§ ASSIGNMENT: All entries below need to be written out exactly, but without their pictures.

Collected data
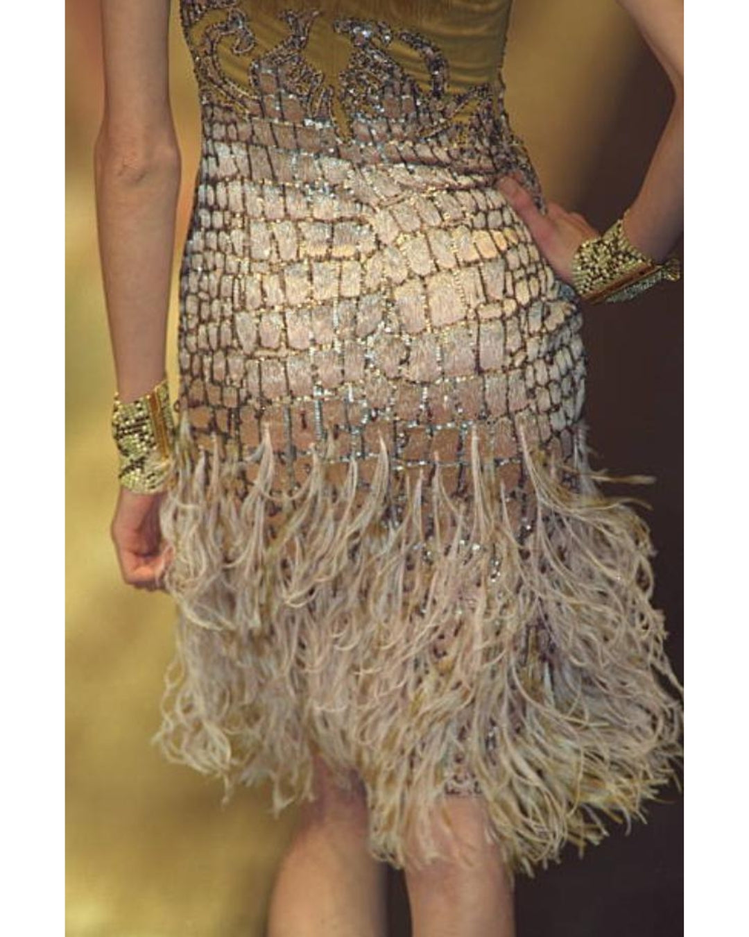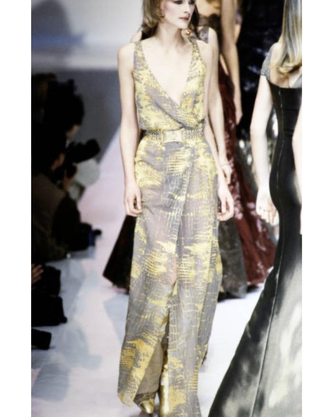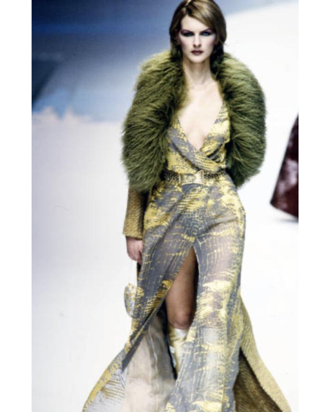 This Valentino Boutique dress is crafted from a lightweight silk-mix devoré fabric. We have seen identical prints in different colourways in both the Fall 1997 and Spring 1998 collections. It has a background of deep burgundy-brown crepe detailed with a textured, scale-like pattern in glossy lilac velvet. The dress is cut to a relaxed, flowy shape with a slash-neckline and pretty low cowl-back. The neck of the cowl has a weight hidden inside the fabric to hold its shape. The cowl also reveals the nude sheer silk crepe lining the back. The waistband cinches the waist only slightly, allowing the top of the dress to drape over the top of the waist. The devoré fabric falls to thigh length and gives way to a sheer panelled flounce of burgundy-brown lace. The dress is lined at the top with chocolate-brown sheer silk crepe but the skirt is unlined. It fastens under the left arm with a hidden tonal burgundy zip and hook-and-eye clasp.
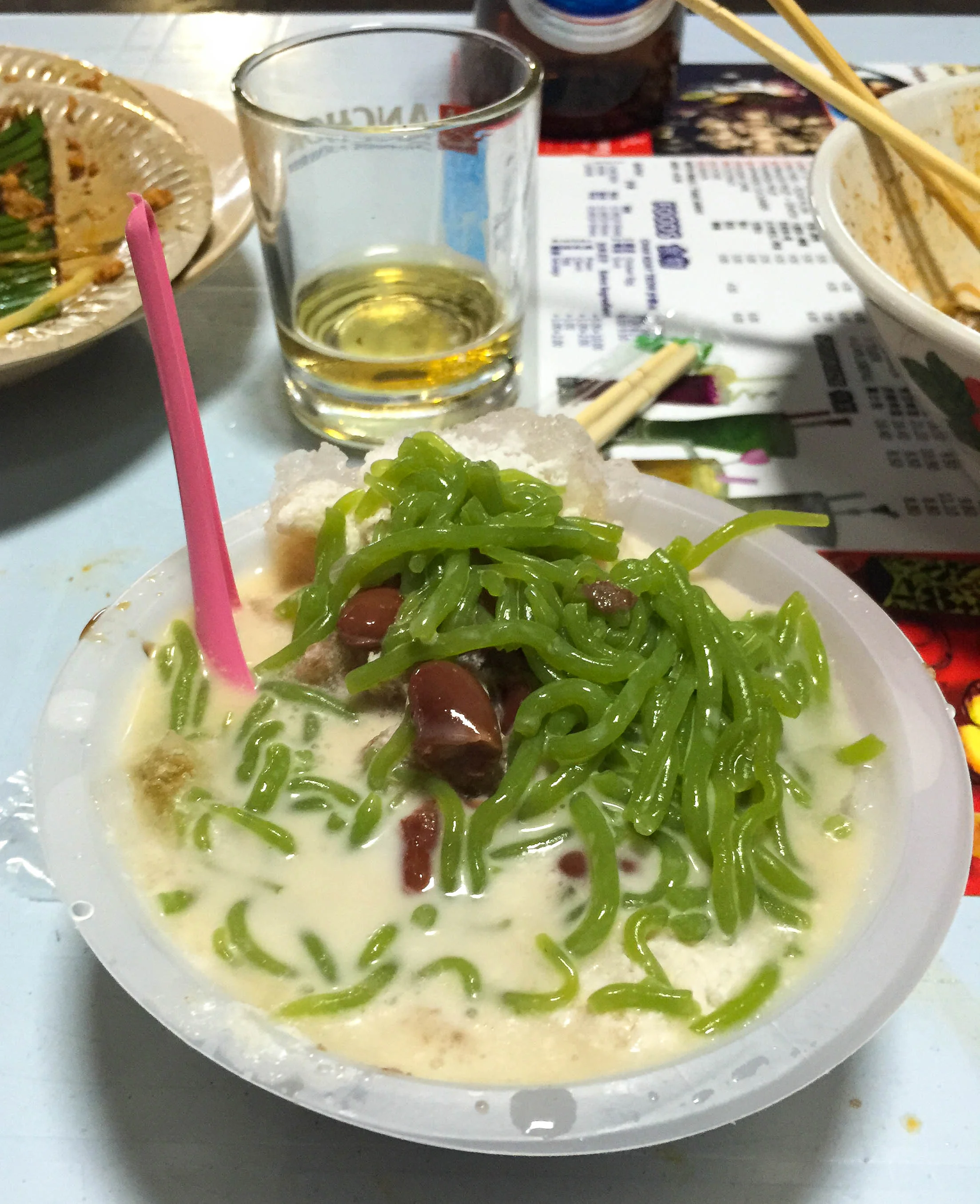 We all know looks can be deceiving. I know what you're thinking, "a cold green noodle, red bean dessert sounds disgusting." Yet, this is one of the most delicious things I have ever had in my life. Made from only five ingredients: shaved ice, a "splash" of condensed milk (mmhmm), coconut palm sugar, weird chewy noodles made of coconut milk and red beans. Don't be afraid -- be brave.
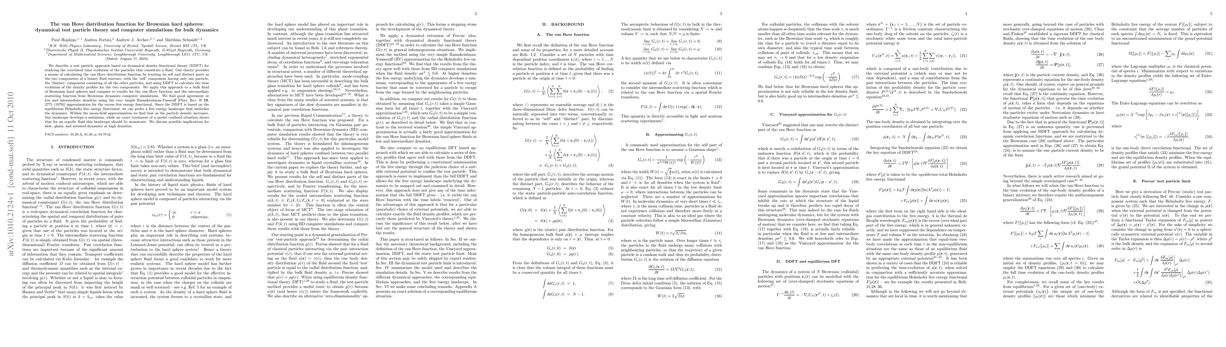 We describe a test particle approach based on dynamical density functional theory (DDFT) for studying the correlated time evolution of the particles that constitute a fluid. Our theory provides a means of calculating the van Hove distribution function by treating its self and distinct parts as the two components of a binary fluid mixture, with the `self' component having only one particle, the `distinct' component consisting of all the other particles, and using DDFT to calculate the time evolution of the density profiles for the two components. We apply this approach to a bulk fluid of Brownian hard spheres and compare to results for the van Hove function and the intermediate scattering function from Brownian dynamics computer simulations. We find good agreement at low and intermediate densities using the very simple Ramakrishnan-Yussouff [Phys. Rev. B 19, 2775 (1979)] approximation for the excess free energy functional. Since the DDFT is based on the equilibrium Helmholtz free energy functional, we can probe a free energy landscape that underlies the dynamics. Within the mean-field approximation we find that as the particle density increases, this landscape develops a minimum, while an exact treatment of a model confined situation shows that for an ergodic fluid this landscape should be monotonic. We discuss possible implications for slow, glassy and arrested dynamics at high densities.
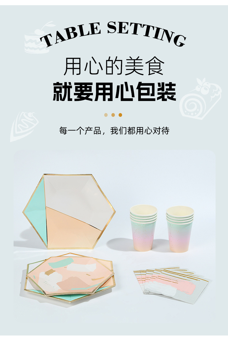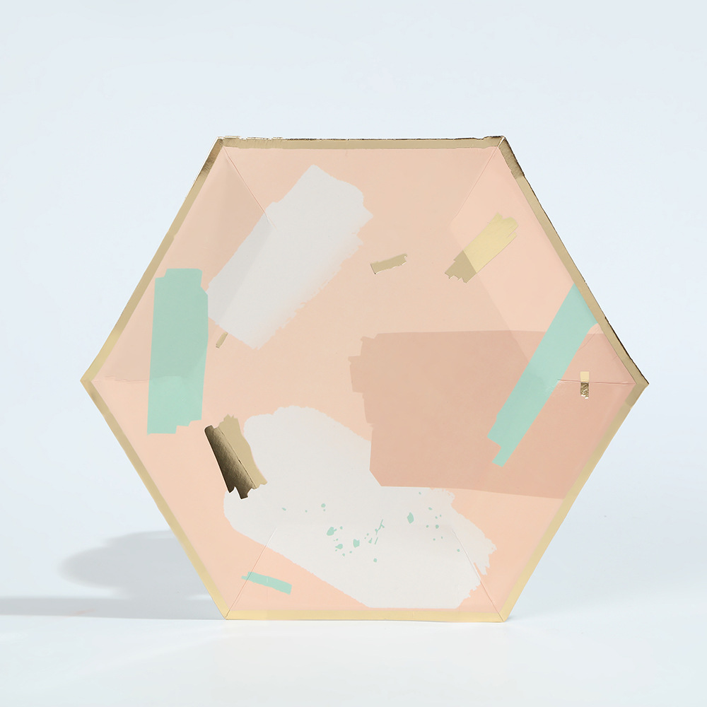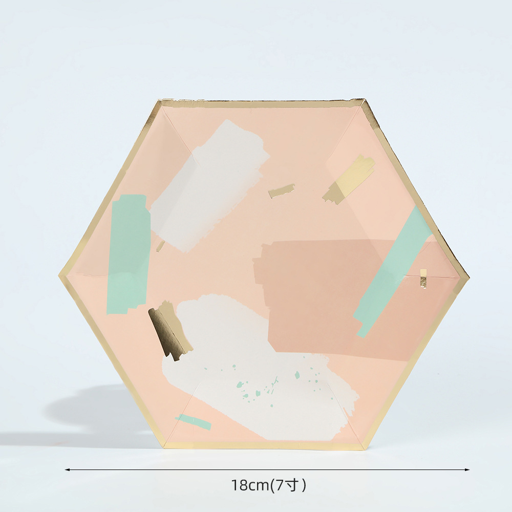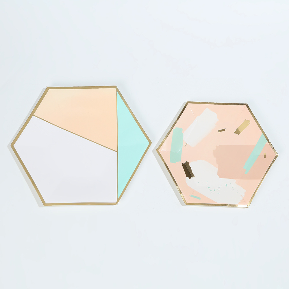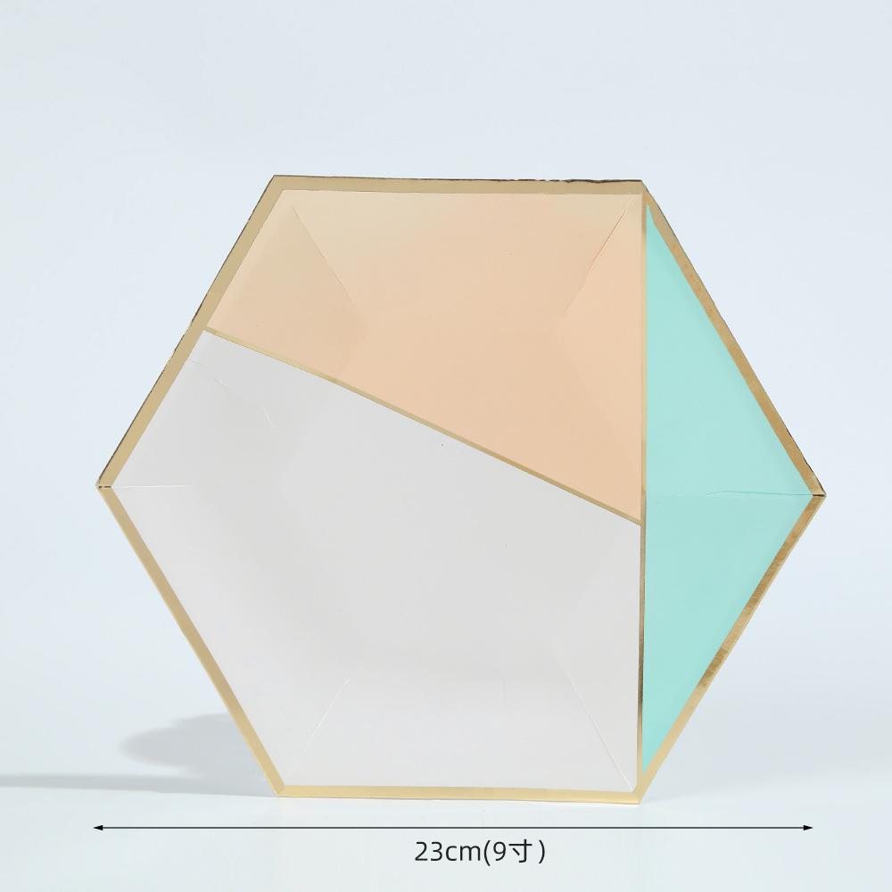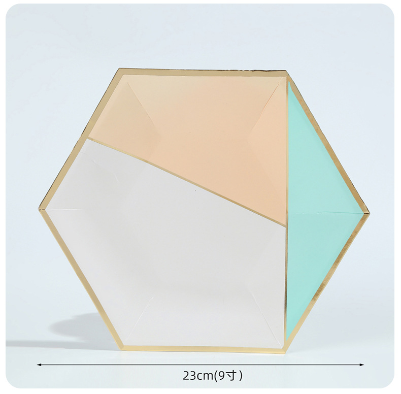 欧式轻奢几何风餐盘纸杯ins风简约一次性聚会烫金六边形餐具套装
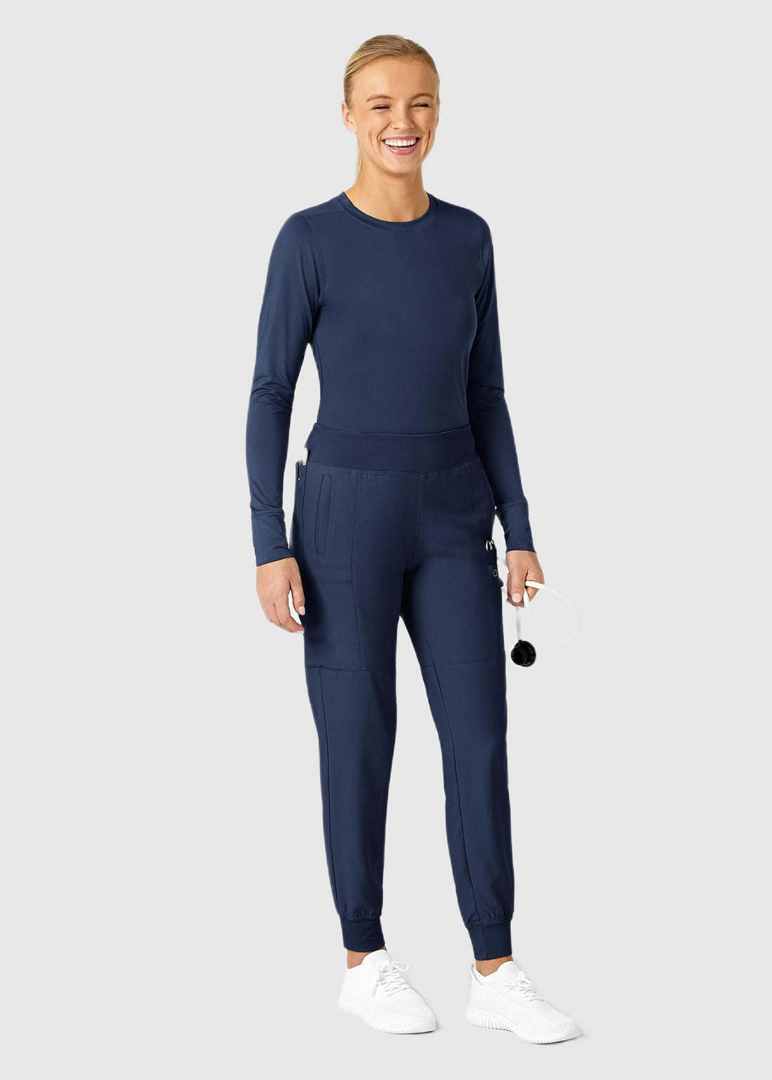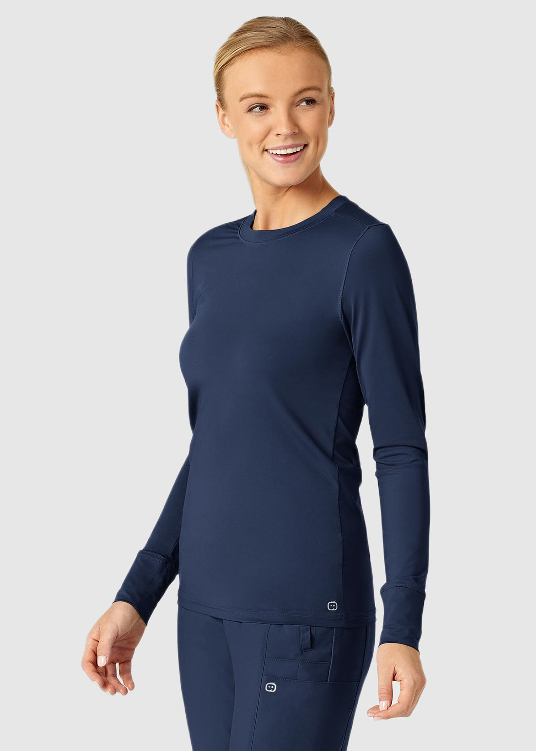 Be at ease all day long with Layers by Wink Scrubs Women's Performance Long Sleeve T-Shirt. Featuring a crew necklineA, long sleeves for coverage and center back neck reflective loop for headphone wires, the t-shirt is a must have.

§ YOUR SOLUTION:
 This Valentino Boutique dress is crafted from a lightweight silk-mix devoré fabric. We have seen identical prints in different colourways in both the Fall 1997 and Spring 1998 collections. It has a background of deep burgundy-brown crepe detailed with a textured, scale-like pattern in glossy lilac velvet. The dress is cut to a relaxed, flowy shape with a slash-neckline and pretty low cowl-back. The neck of the cowl has a weight hidden inside the fabric to hold its shape. The cowl also reveals the nude sheer silk crepe lining the back. The waistband cinches the waist only slightly, allowing the top of the dress to drape over the top of the waist. The devoré fabric falls to thigh length and gives way to a sheer panelled flounce of burgundy-brown lace. The dress is lined at the top with chocolate-brown sheer silk crepe but the skirt is unlined. It fastens under the left arm with a hidden tonal burgundy zip and hook-and-eye clasp.
 We all know looks can be deceiving. I know what you're thinking, "a cold green noodle, red bean dessert sounds disgusting." Yet, this is one of the most delicious things I have ever had in my life. Made from only five ingredients: shaved ice, a "splash" of condensed milk (mmhmm), coconut palm sugar, weird chewy noodles made of coconut milk and red beans. Don't be afraid -- be brave.
 We describe a test particle approach based on dynamical density functional theory (DDFT) for studying the correlated time evolution of the particles that constitute a fluid. Our theory provides a means of calculating the van Hove distribution function by treating its self and distinct parts as the two components of a binary fluid mixture, with the `self' component having only one particle, the `distinct' component consisting of all the other particles, and using DDFT to calculate the time evolution of the density profiles for the two components. We apply this approach to a bulk fluid of Brownian hard spheres and compare to results for the van Hove function and the intermediate scattering function from Brownian dynamics computer simulations. We find good agreement at low and intermediate densities using the very simple Ramakrishnan-Yussouff [Phys. Rev. B 19, 2775 (1979)] approximation for the excess free energy functional. Since the DDFT is based on the equilibrium Helmholtz free energy functional, we can probe a free energy landscape that underlies the dynamics. Within the mean-field approximation we find that as the particle density increases, this landscape develops a minimum, while an exact treatment of a model confined situation shows that for an ergodic fluid this landscape should be monotonic. We discuss possible implications for slow, glassy and arrested dynamics at high densities.
 欧式轻奢几何风餐盘纸杯ins风简约一次性聚会烫金六边形餐具套装
 Be at ease all day long with Layers by Wink Scrubs Women's Performance Long Sleeve T-Shirt. Featuring a crew necklineA, long sleeves for coverage and center back neck reflective loop for headphone wires, the t-shirt is a must have.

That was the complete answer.